(Extracted data entries)
::::::::::

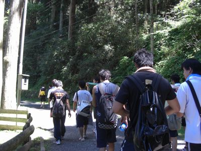 ![]() 延暦寺東塔に行かなければならないはずが、間違って西塔に向かってしまいました。来た道をみんなで引き返しています。 |
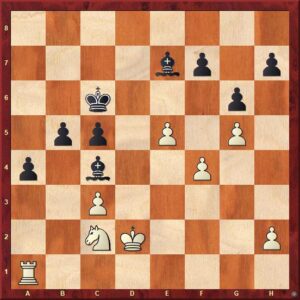 Přiznám se, že mně osobně nepřijde plán s g4-g5 až tak záhadným. Pravda, pozici transformuje a bílý je připraven obětovat kvalitu zpět s přechodem do koncovky jezdce proti střelci při zablokovaném dámském křídle. Navíc vede postup g5 k blokádě – omezení hybnosti – královského křídla i ohraničení působnosti černopolného střelce. Více se „problémem blokády pěšcové majority“ zabývám v celkem podrobné analýze partie, a tak zde uvedu jen jeden diagram konečné pozice rozboru. Ten myslím i tak dobře ilustruje „o co jde“.
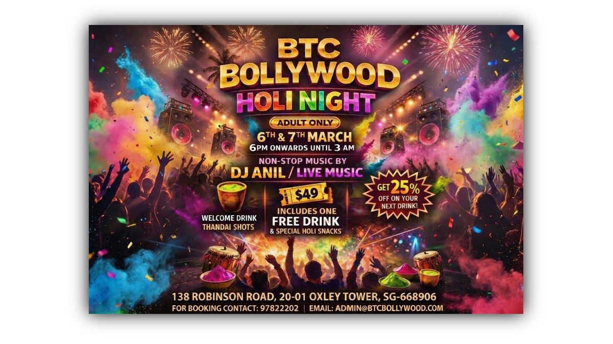 Join us on March 6th & 7th at BTCBollywood Club for an unforgettable Holi celebration!About this Event
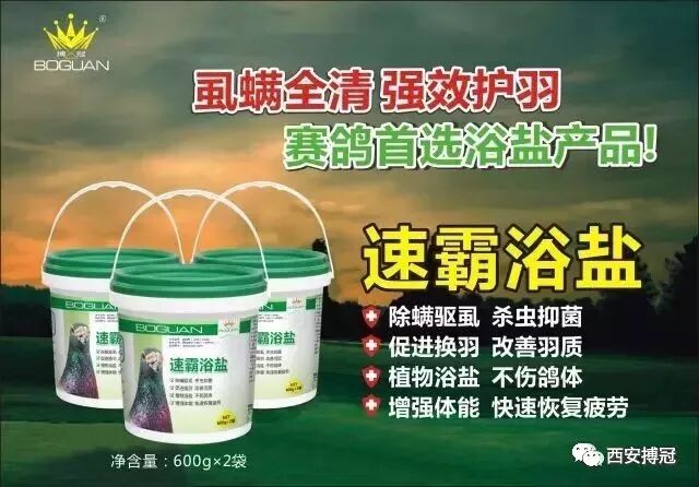 速霸浴鹽:天然植物提取配方,適用于21日齡的幼鴿,取本品一勺(約15g),加水10L攪勻,讓其自由沐浴10分鐘左右。日常保。好恐1-2天。炎熱潮濕的夏季:每周2-3天,防中暑,去虱螨。換羽期:每周3天,加速換羽,強化羽質,使新生羽毛亮麗富有光澤。 訓賽期:每周3天;交鴿前半天冷水洗浴,加速血液循環(huán),激發(fā)潛能;歸返后1-2小時溫水洗浴,幫助肌肉按摩,迅速恢復體力。 種鴿配對前兩周:每周3天。
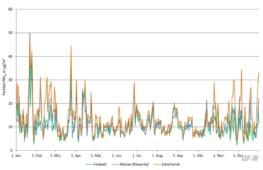 Description: null Feinstaub und Staubinhaltsstoffe in Schwarzwaldtälern Die LUBW Landesanstalt für Umwelt Baden-Württemberg führte im Jahr 2019 Messungen zur Bestimmung der Feinstaubbelastung in der Luft in den drei Schwarzwaldgemeinden Forbach, Kleines Wiesental und Schuttertal durch. Mit den Messungen wurde der Einfluss von Holzfeuerungen auf die Feinstaubbelastung untersucht. Die gesetzlichen Grenzwerte werden eingehalten Vom 1. Januar bis 31. Dezember 2019 führte die LUBW Messungen von Feinstaub (Partikel PM 10 und PM2,5) sowie Benzo[a]pyren durch. Wie in ganz Baden-Württemberg wurden in den drei Schwarzwaldtälern die Jahresgrenzwerte für Partikel PM 10 und PM 2,5 eingehalten. Der gemessene Jahresmittelwert von PM 10 mit 14 Mikrogramm pro Kubikmeter Luft und PM 2,5 mit 11 Mikrogramm pro Kubikmeter war in Schuttertal am höchsten, aber weit unter dem Grenzwert von 40 bzw. 25 Mikrogramm pro Kubikmeter Luft. Auch der Grenzwert des krebserregenden Benzo[a]pyrens wurde an allen drei Standorten um mehr als die Hälfte unterschritten. Damit werden die Ergebnisse aus der ersten Jahreshälfte 2019 bestätigt. Der Jahresverlauf der Tagesmittelwerte der Partikel PM 10 -Konzentration in den drei Schwarzwaldtälern kann Abbildung 1 entnommen werden, die gültigen und gemessenen Jahresgrenzwerte der Tabelle 1. Abbildung 1: Tagesmittelwerte der Partikel PM 10 -Konzentrationen in den Schwarzwaldgemeinden Forbach, Kleines Wiesental und Schuttertal im Jahr 2019 (Quelle: LUBW) Tabelle 1: Grenzwerte und gemessene Jahresmittelwerte der Luftschadstoffe PM 10 , PM 2,5 und Benzo[a]pyren in den drei Schwarzwaldtälern Schuttertal, Kleines Wiesental und Forbach Luftschadstoff Immissions-grenzwert/Zielwert (Kalenderjahr) Schuttertal Kleines Wiesental Forbach PM 10 40 µg/m 3 14 µg/m 3 11 µg/m 3 11 µg/m 3 PM 2,5 25 mg/m 3 11 µg/m 3 9 µg/m 3 8 µg/m 3 Benzo[a]pyren 1 ng/m 3 0,41 ng/m 3 0,24 ng/m 3 0,20 ng/m 3 Bestimmung des Beitrags der Holzfeuerung am Feinstaubanteil Im Fokus der Messungen stand die Untersuchung, wie hoch der Feinstaubanteil durch Holzfeuerung ist. In den Schwarzwaldtälern konnte in Forbach an 116 Tagen, im Kleinen Wiesental an 141 Tagen und in Schuttertal an 154 Tagen ein signifikanter Holzfeuerungsanteil festgestellt werden. Der mittlere Feinstaubanteil durch die Holzfeuerung lag in den drei Tälern damit zwischen 24 und 27 Prozent. „Für die LUBW ist es eine wichtige Erkenntnis, dass die Immissionsbelastung durch Holzfeuerung in den Schwarzwaldtälern ähnliche Werte wie an der kleinstädtisch geprägten Hintergrundmessstation in Gärtringen aufweist. Im Vergleich dazu ist der Holzfeuerungsanteil an der großstädtisch geprägten Hintergrundmessstation Stuttgart Bad-Cannstatt geringer“, so Werner Altkofer, stellvertretender Präsident der LUBW. In Gärtringen liegt der mittlere Holzfeuerungsanteil bei 26 Prozent, in Stuttgart Bad-Cannstatt bei 15 Prozent. Abbildung 2: Statistische Auswertung des Holzfeuerungsanteils in Forbach, im Kleinen Wiesental und in Schuttertal im Vergleich zu den städtischen Hintergrundmessstationen Gärtringen und Stuttgart-Bad-Cannstatt im Jahr 2019 (Quelle: LUBW) Hintergrundinformation Hintergrund der Messungen sind Untersuchungen der LUBW, bei denen ein signifikanter Anteil von Holzfeuerungen an der Immissionsbelastung von Partikel PM 10 (Feinstaub) festgestellt wurde. Außerdem haben die Untersuchungen der LUBW in der Vergangenheit gezeigt, dass der Anteil von Benzo[a]pyren im Feinstaub durch den Emissionsbeitrag aus Holzfeuerungen dominiert wird. Deshalb wurden Messstandorte ausgewählt, an denen mit einem signifikanten Beitrag von Holzfeuerungen an der Partikel PM 10 -Immissionsbelastung zu rechnen war. Um den Beitrag der Holzfeuerung feststellen zu können, wird die Levoglucosankonzentration gemessen. Levoglucosan entsteht bei der Verbrennung von Holz und liegt als Bestandteil in Feinstaubpartikeln vor. Da es in der Atmosphäre stabil ist, kann somit auf den Holzfeuerungsanteil in der Feinstaubfraktion geschlossen werden. Weitere Informationen zu den Ergebnissen und den Hintergründen der Feinstaubmessungen in den drei Schwarzwaldtälern finden Sie in Bericht „Messungen von Feinstaub und Staubinhaltsstoffen in ausgewählten Schwarzwaldtälern – Ergebnisse der Messungen 2019“ der LUBW https://pd.lubw.de/10124 . Bei Rückfragen wenden Sie sich bitte an die Pressestelle der LUBW. Telefon: +49(0)721/5600-1387 E-Mail: pressestelle@lubw.bwl.de
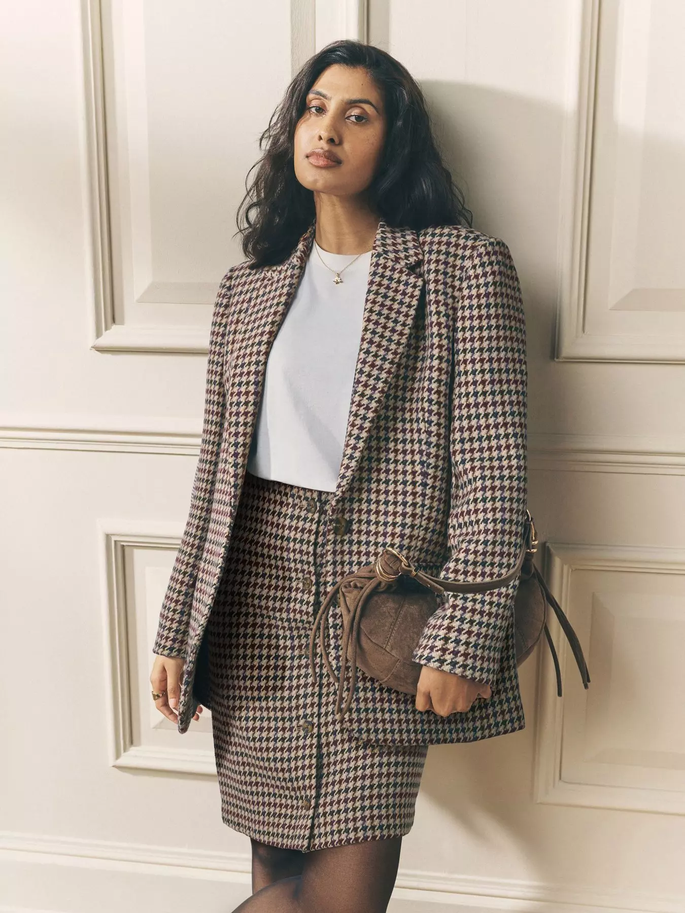 - Textured fabric with checked print
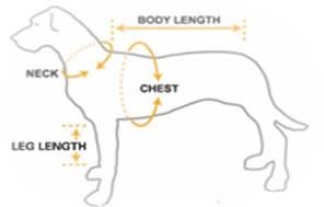 | Size | Body Length (inches) | Chest (inches) | Neck (inches) | | XXS | 6-7 | 9.5-11 | 7-8.5 | | XS | 7-7.5 | 11-12.5 | 8.5-9.5 | | S | 8-9 | 12.5-14 | 9.5-10.5 | | M | 9.5-10.5 | 14-15.5 | 10.5-11.5 | | L | 11.5-12.5 | 15.5-17 | 11.5-12.5 | | XL | 12.5-13.5 | 17.5-19.5 | 13.5-15 | | XXL | 14-15 | 21-23 | 15-16.5 | |
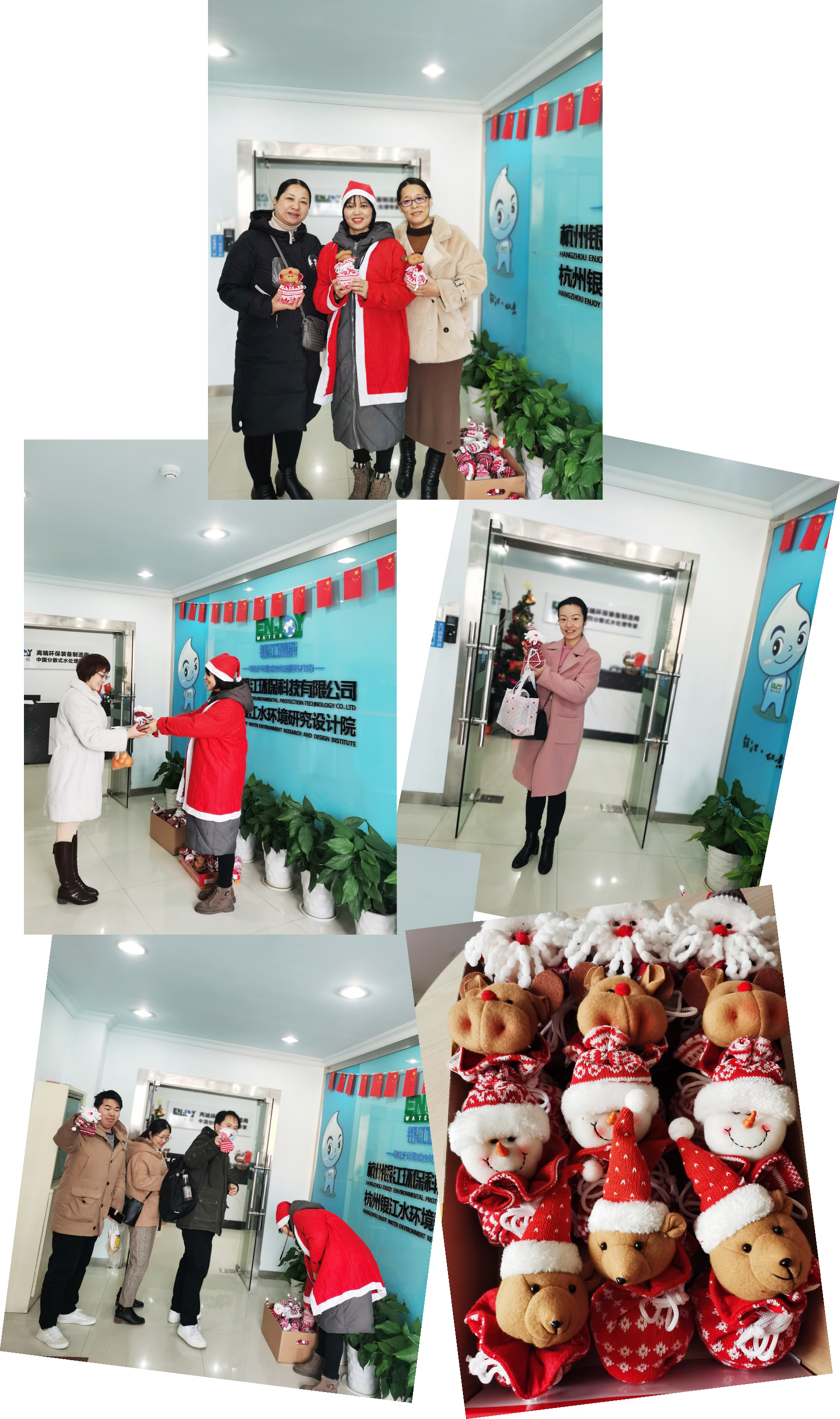 公司里洋溢著節日的氣氛,后勤部為每位同事準備了精美的圣誕禮物,由圣誕老人派發給大家。
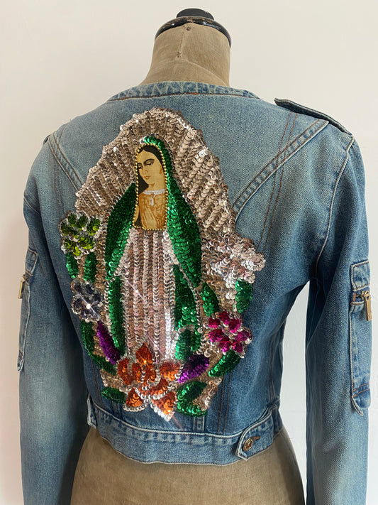 voyage passion denim cargo jacket with maria embroidery, 2000s
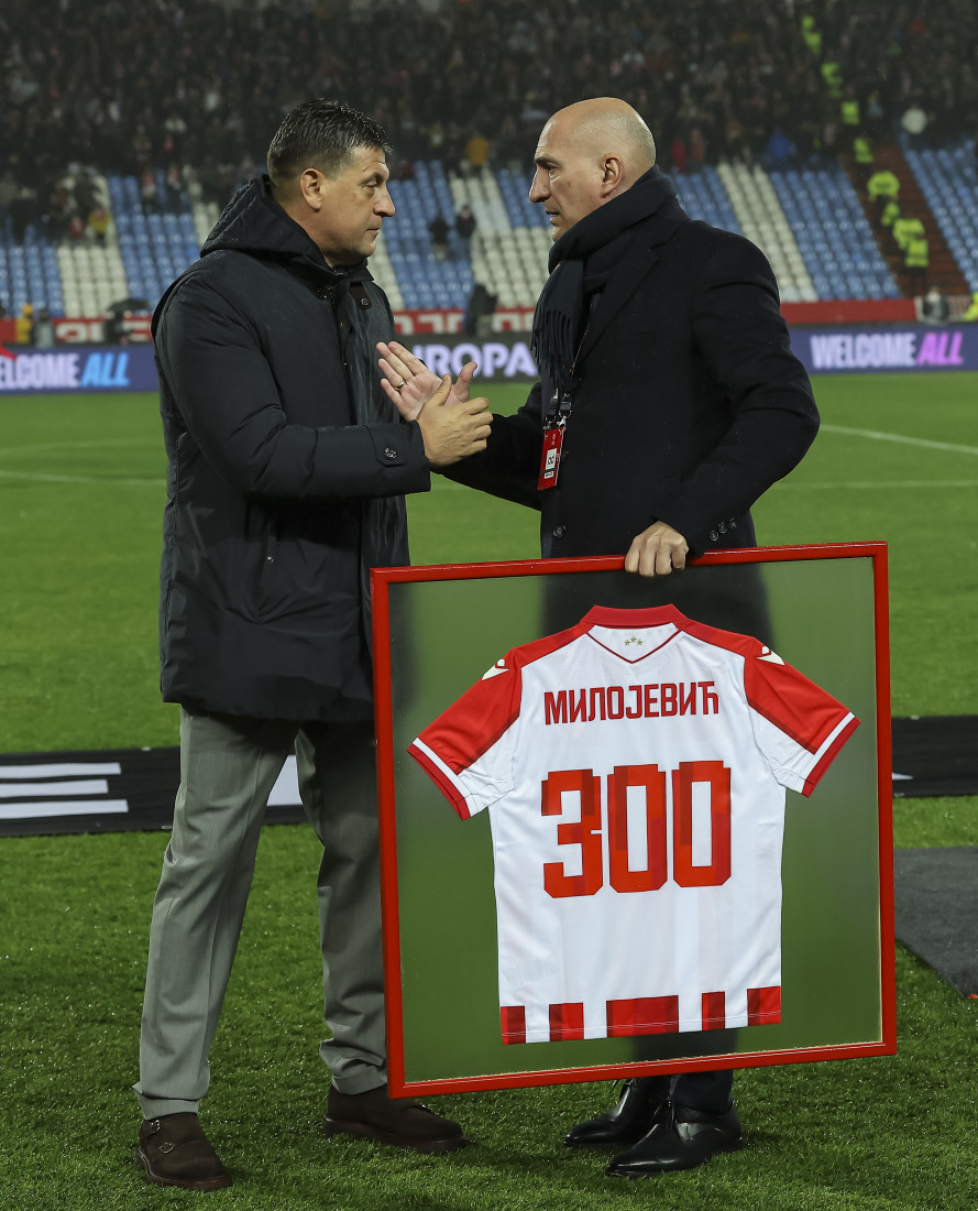 1. minut - Upravo je počela utakmica na "Marakani"! Uoči meča sportski direktor Crvene zvezde Mitar Mrkela uručio je treneru Vladanu Milojeviću dres sa brojem 300, za isto toliko vođenih utakmica na klupi srpskog prvaka.
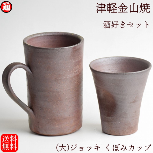 酒好きセット 送料無料 大ジョッキ(口-9-h13-371g 容量500cc)×1 くぼみカップ(口9-h10-195g 200cc)×1 津軽金山焼 ビアカップ ぐい呑 陶器 酒器 和モダン 食器 渋い 酒器 セット おしゃれ 陶器 晩酌 陶器 父親 誕生日 プレゼント
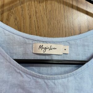 Magic Linen Women’s Medium 100% Linen Sleeveless Shirt Blue
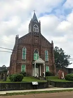The Holy Family Catholic Church Historic District, in Natchez, Mississippi, is a 9.2-acre (3.7 ha) historic district that was listed on the U.S. National Register of Historic Places (NRHP) in 1995. The district is small, relative to other historic districts in Natchez such as the Natchez On-Top-of-the-Hill Historic District which is adjacent, on the west. Its most significant building is the Holy Family Church, the first African-American Catholic church in the state; dedicated in 1894, it is Natchez's best piece of Gothic Revival architecture. Most other buildings in the district are cottages in Queen Anne, Eastlake, Colonial Revival, bungalow, and American Craftsman architectural styles. The district as a whole is significant for its architecture and for its African-American historical associations.[2]
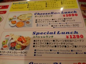 私は入店する前にチーズの文字が気になっていたのでチーズナンランチにしました。
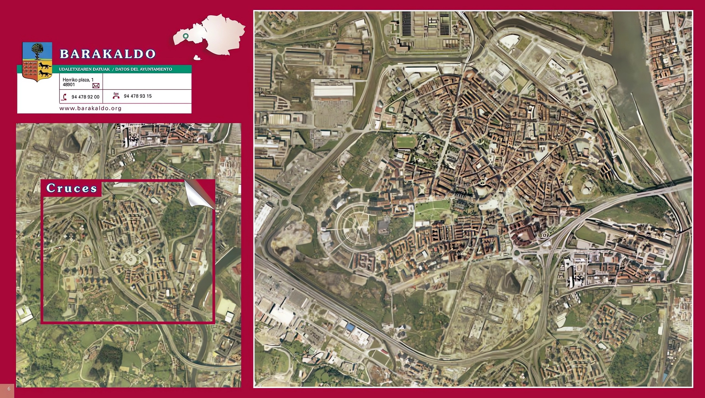 Ortofoto de Baracaldo: imagen ortorectificada del municipio, lo que significa que se ha ajustada para eliminar las distorsiones debidas a la perspectiva, la inclinación de la cámara y la orografía. Esto permite que cada punto de la imagen tenga una posición correcta en un sistema de coordenadas, similar a la representación de un mapa.
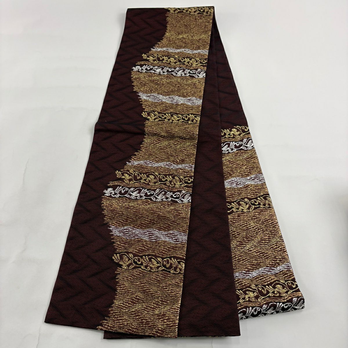 【美品】 名古屋帯 秀品 八寸名古屋帯 霞 金銀糸 えんじ色 正絹
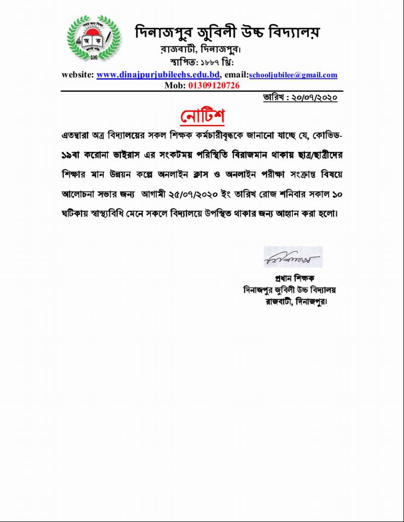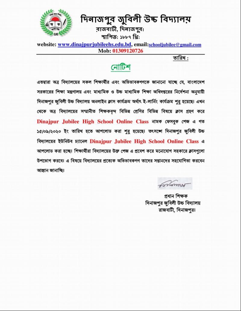 Dinajpur Jubilee High School Online Class

::::::::::

### EXERCISE
Reproduce the lines above, exactly and exclusively, from the line containing "1. minut - Upravo" down to the last line, both included; pictures are not part of the copy.

### ANSWER BELOW
 1. minut - Upravo je počela utakmica na "Marakani"! Uoči meča sportski direktor Crvene zvezde Mitar Mrkela uručio je treneru Vladanu Milojeviću dres sa brojem 300, za isto toliko vođenih utakmica na klupi srpskog prvaka.
 酒好きセット 送料無料 大ジョッキ(口-9-h13-371g 容量500cc)×1 くぼみカップ(口9-h10-195g 200cc)×1 津軽金山焼 ビアカップ ぐい呑 陶器 酒器 和モダン 食器 渋い 酒器 セット おしゃれ 陶器 晩酌 陶器 父親 誕生日 プレゼント
 Magic Linen Women’s Medium 100% Linen Sleeveless Shirt Blue
The Holy Family Catholic Church Historic District, in Natchez, Mississippi, is a 9.2-acre (3.7 ha) historic district that was listed on the U.S. National Register of Historic Places (NRHP) in 1995. The district is small, relative to other historic districts in Natchez such as the Natchez On-Top-of-the-Hill Historic District which is adjacent, on the west. Its most significant building is the Holy Family Church, the first African-American Catholic church in the state; dedicated in 1894, it is Natchez's best piece of Gothic Revival architecture. Most other buildings in the district are cottages in Queen Anne, Eastlake, Colonial Revival, bungalow, and American Craftsman architectural styles. The district as a whole is significant for its architecture and for its African-American historical associations.[2]
 私は入店する前にチーズの文字が気になっていたのでチーズナンランチにしました。
 Ortofoto de Baracaldo: imagen ortorectificada del municipio, lo que significa que se ha ajustada para eliminar las distorsiones debidas a la perspectiva, la inclinación de la cámara y la orografía. Esto permite que cada punto de la imagen tenga una posición correcta en un sistema de coordenadas, similar a la representación de un mapa.
 【美品】 名古屋帯 秀品 八寸名古屋帯 霞 金銀糸 えんじ色 正絹
 Dinajpur Jubilee High School Online Class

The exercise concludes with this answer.